People like to think that things begin in myth and magic, only to end in the mundane of the world they experience. However, generally things begin in the mundane and the myths and magic are added later, to satisfy the need for some sense of the unknown. Being a good Christian, working hard and doing good works is a little boring for most people. They want dragons hatched from golden eggs, not a haberdasher on a London high street.

I'm going off on a tangent here, so I apologise if you've read this far, but it reminds me of conversations I've had with friends about Scientology.

They'll say something along the lines of, "I wouldn't join Scientology, but I'd love to know what the secrets are when you get to the top."

And I'll reply, "But you know they don't have any grand secrets. L. Ron Hubbard was a science-fiction writer who literally said he was going to start his own religion. It's literally made-up. Whatever you get told when you reach the top is just something made up by a science-fiction writer."

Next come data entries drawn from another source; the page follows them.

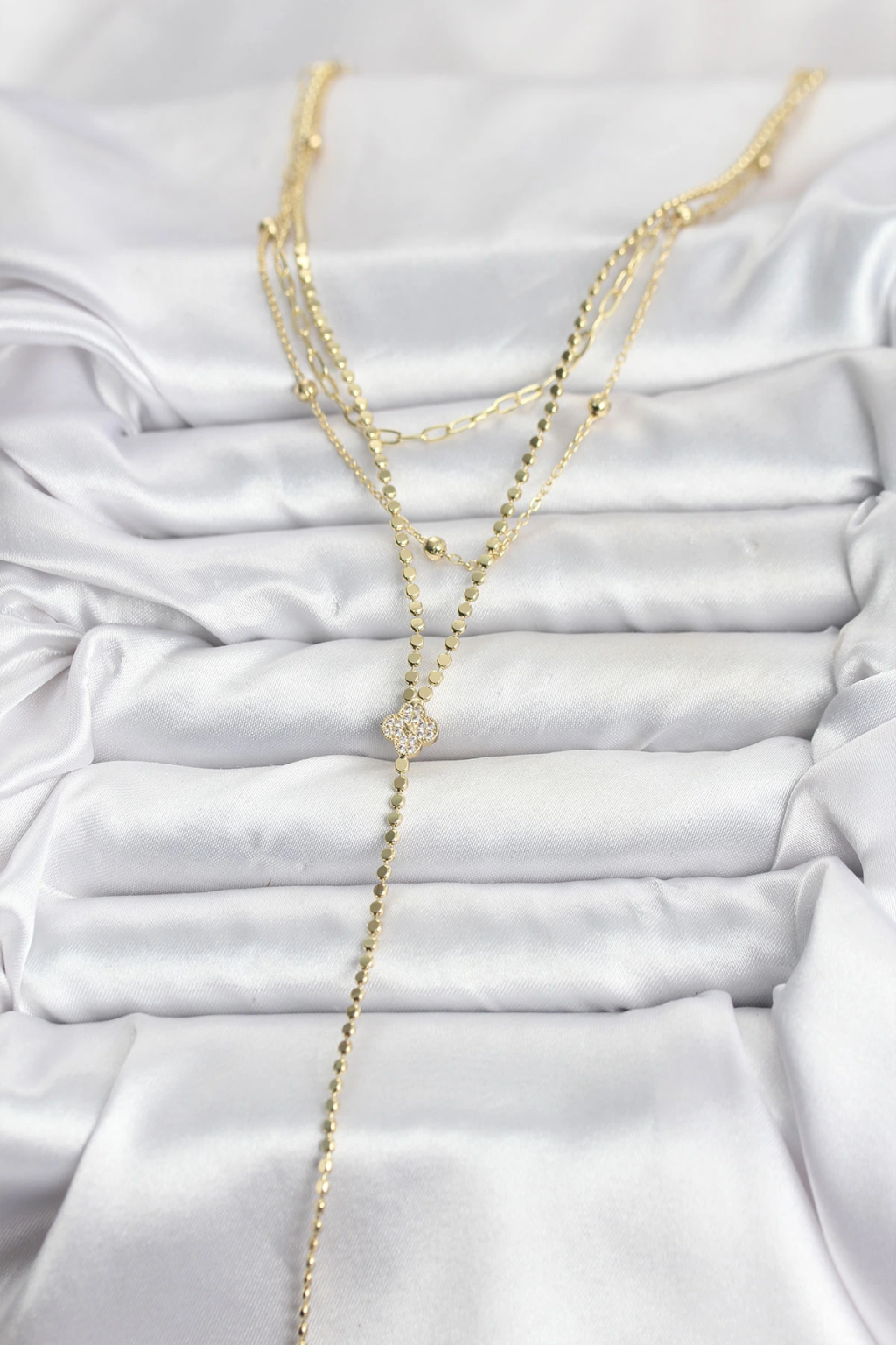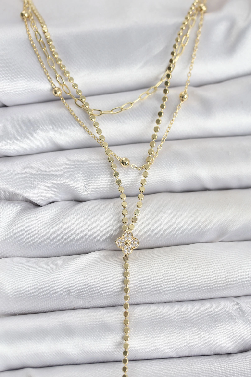 BFS Pirinç Gold Renk Zirkon Taşlı Yonca Model Detaylı 3'lü Kombin Y Kadın Kolye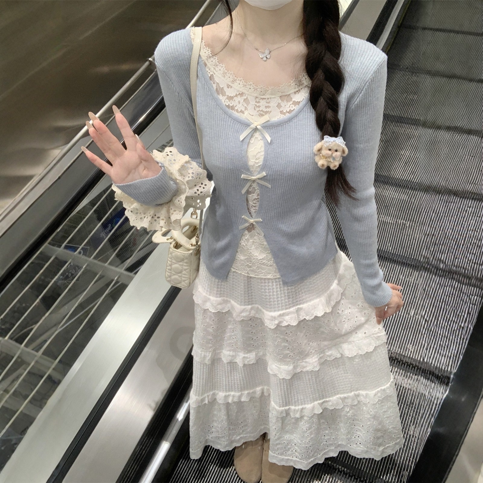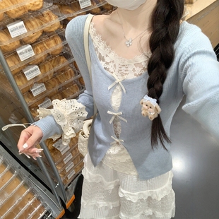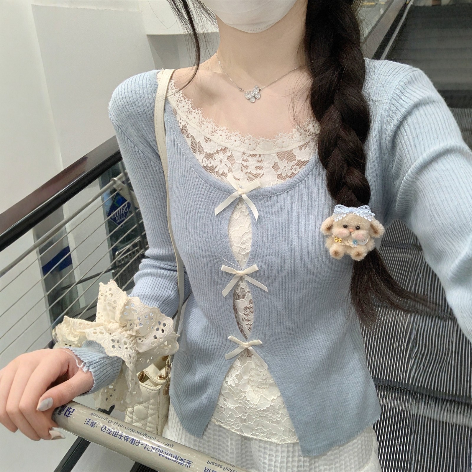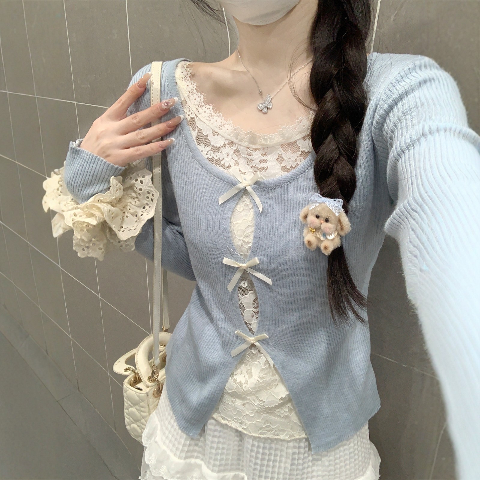 温柔甜美风蝴蝶结假两件蕾丝拼接针织衫 开叉打底内搭上衣秋 女修身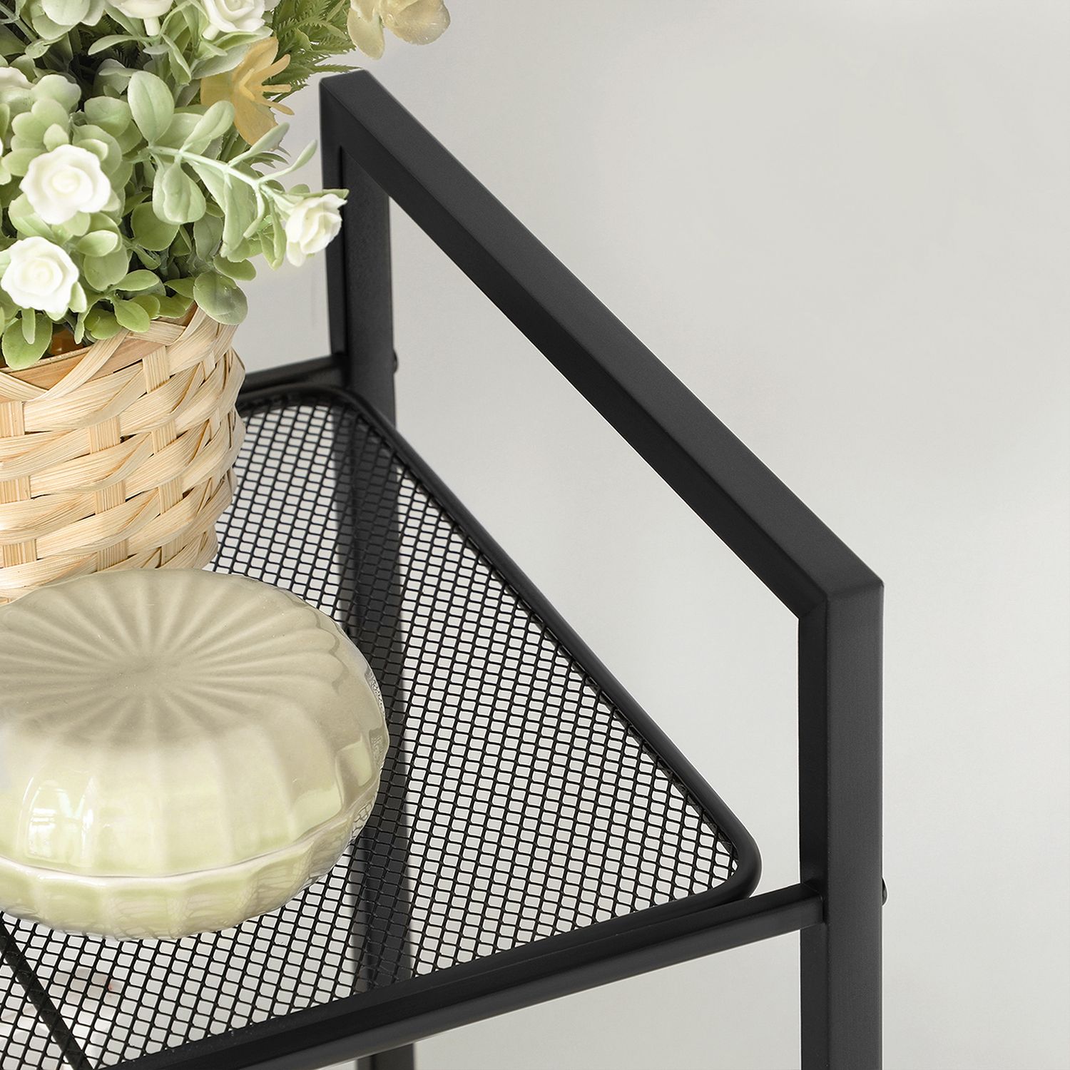 Oversigt over h?jdepunkterne ved dette badev?relsesreol: – Takket v?re de h?jdejusterbare hylder kan du opbevare genstande i forskellige st?rrelser p? dette reol. – Du kan kombinere flere af disse reoler for at skabe mere opbevaringsplads. – Dette kompakte k?kkenreol optager kun lidt gulvplads. – Hver hylde p? dette plantehylde kan b?re en v?gt p? op til 10 kg.- De t?tmaskede gitterhylder giver badev?relsesreolen god stabilitet og b?reevne. – De justerbare f?dder udligner sm? uj?vnheder i gulvet. – Den enkle, forst?elige vejledning og de tydeligt m?rkede dele g?r det nemt at samle denne stativreol. – Denne reol er b?de stilfuld og praktisk og passer ind i forskellige rum. Produktdetaljer:- Farve: Sort – Materiale: St?l – St?rrelse: 38 x 30 x 96 cm (L x B x H) – V?gt: 2,7 kg – Maks. statisk belastning pr. hylde: 10 kg Leveringsomfang: – 1 x badev?relsesreol – 1 x tilbeh?rspakke – 1 x v?ltesikring – 1 x vejledning SONGMICS Bem?rkninger:- Ved montering af hver hylde skal de fire huller p? siderammen v?re i samme h?jde.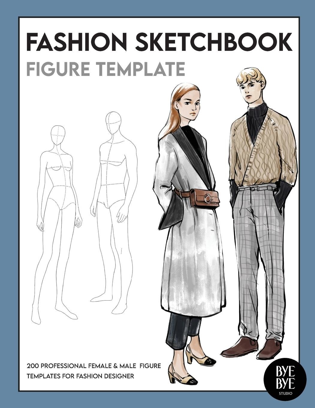 Female & Male Fashion Sketchbook Figure Template (anglicky)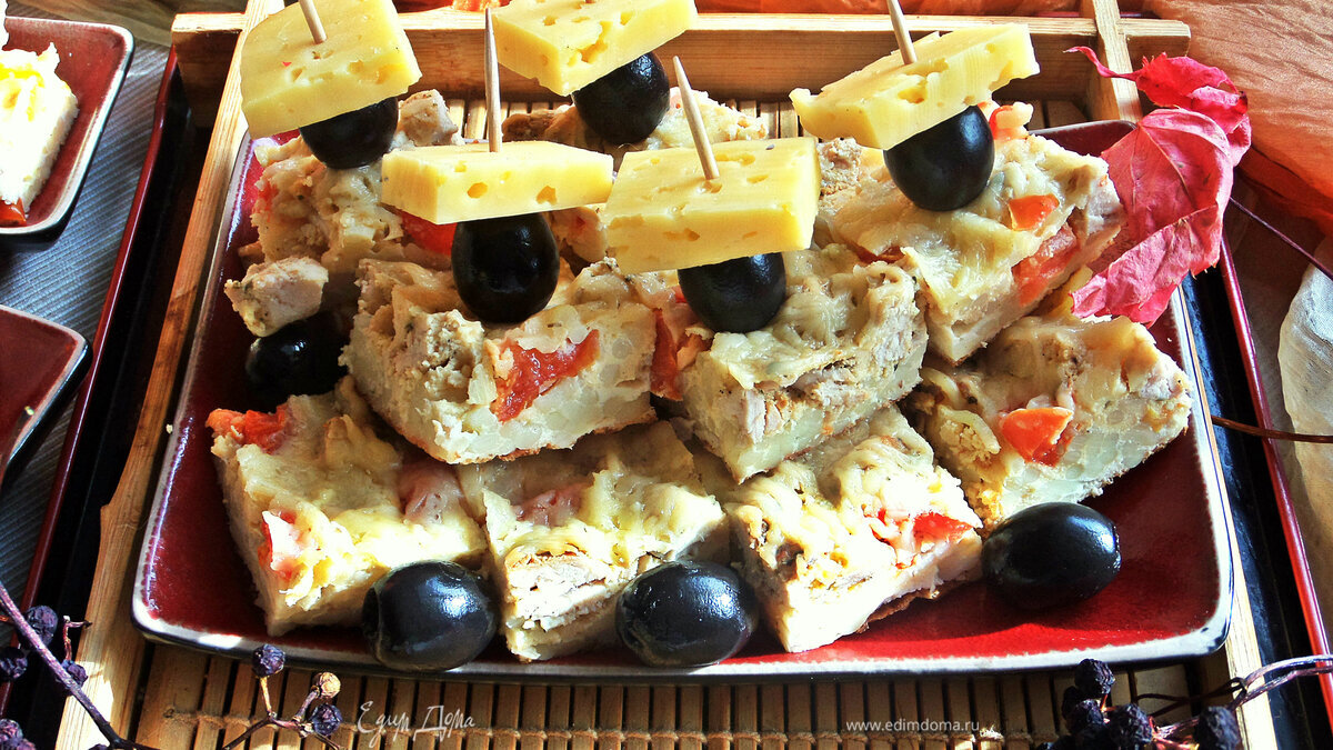 Посмотрим с юмором на старую добрую запеканку из оставшейся порции макарон и превратим ее в теплую закуску. Получается 20 квадратных «канапе». Конечно, на фуршет мы их не выставим, но в домашнем кругу вполне подойдут на перекус или ужин, ведь мы едим дома.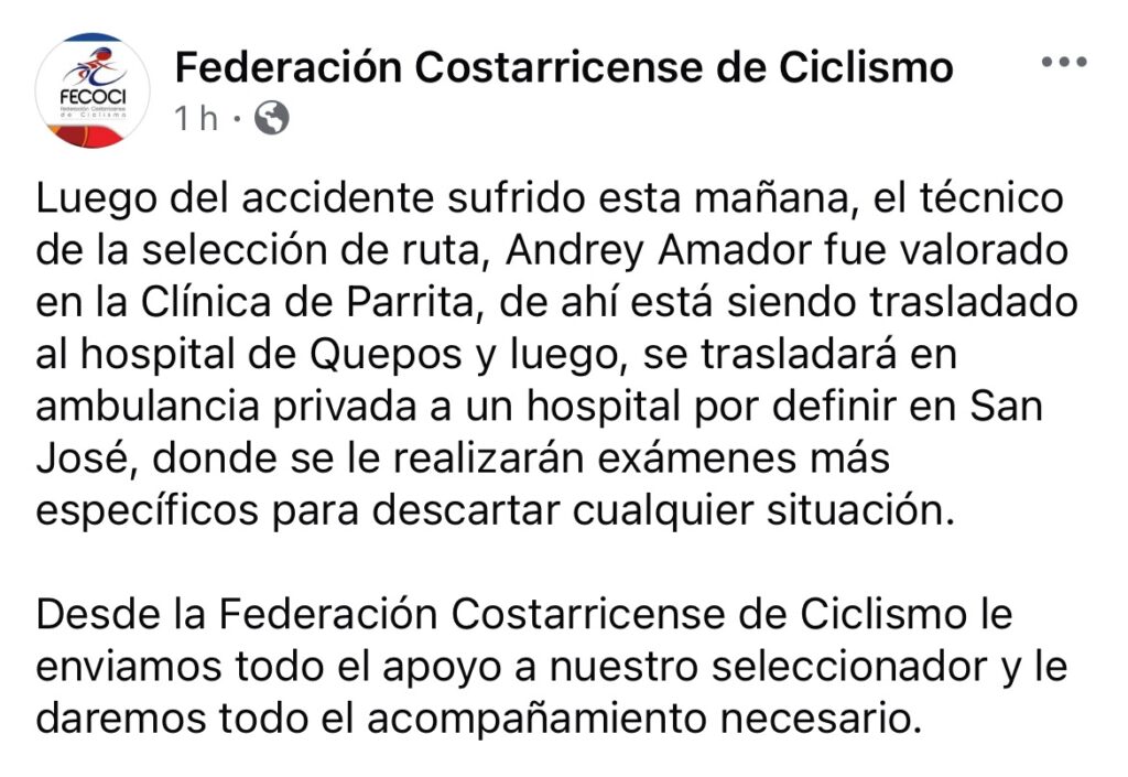 LA FEDERACIÓN COSTARRICENSE DE CICLISMO EMITIÓ UN COMUNICADO OFICIAL, EN EL QUE EXPLICA QUE ANDREY AMADOR SE REALIZARÁ MÁS EXÁMENES UNA VEZ SEA TRASLADADO DE LA CLÍNICA DE PARRITA A UN HOSPITAL POR DEFINIR EN SAN JOSÉ.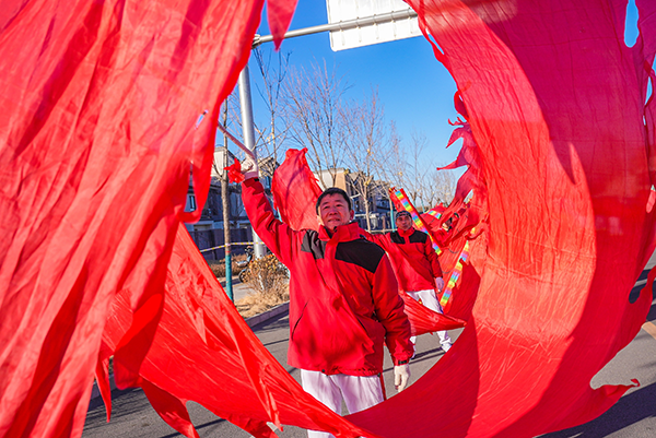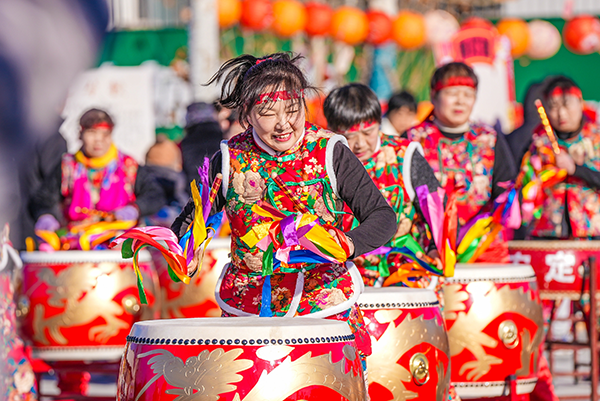 小车会表演队和传统秧歌队演员们身着五彩斑斓的服饰,在欢快的鼓点中,演绎趣味故事。

But still they'll reply, "Yeah, but I'd still love to know."

It's depressing to see how easily the desire for a sense of meaning and purpose can be misdirected. All you have to do is paint a question mark on a red box and people will start worshipping the red box, desperate to know what's in it. So much genuine truth is rejected because it's plain. People prefer the baubles and the theatre - and the promise that some higher-up man (or extra-terrestrial, or holy angel) can open the door and hand them a cup of meaning.

To me there'll always be something more meaningful in a moment of eye contact than in anything behind any door marked secret. (Though saying that, I'm currently rewatching the X-Files, so I guess I'm just as easily entertained. Though the tension between Mulder and Scully adds a realness, or at least a relatability, to the knowing fiction.)

Anyway, I really enjoyed the humour and the gentle morals of Part II of this play. Though I was hoping for more of Elizabeth. And though we've had the detour of Scientology and the X-Files, I guess that does bring us back full circle to Elizabeth in a way. As both L. Ron Hubbard and Agent Scully were redheads.

I'll finish with a picture of Agent Scully ..cos, y'know, she's pretty.


Pretty rational and grounded in science I meant (!) Though she's also pretty moody too, like most pretty things.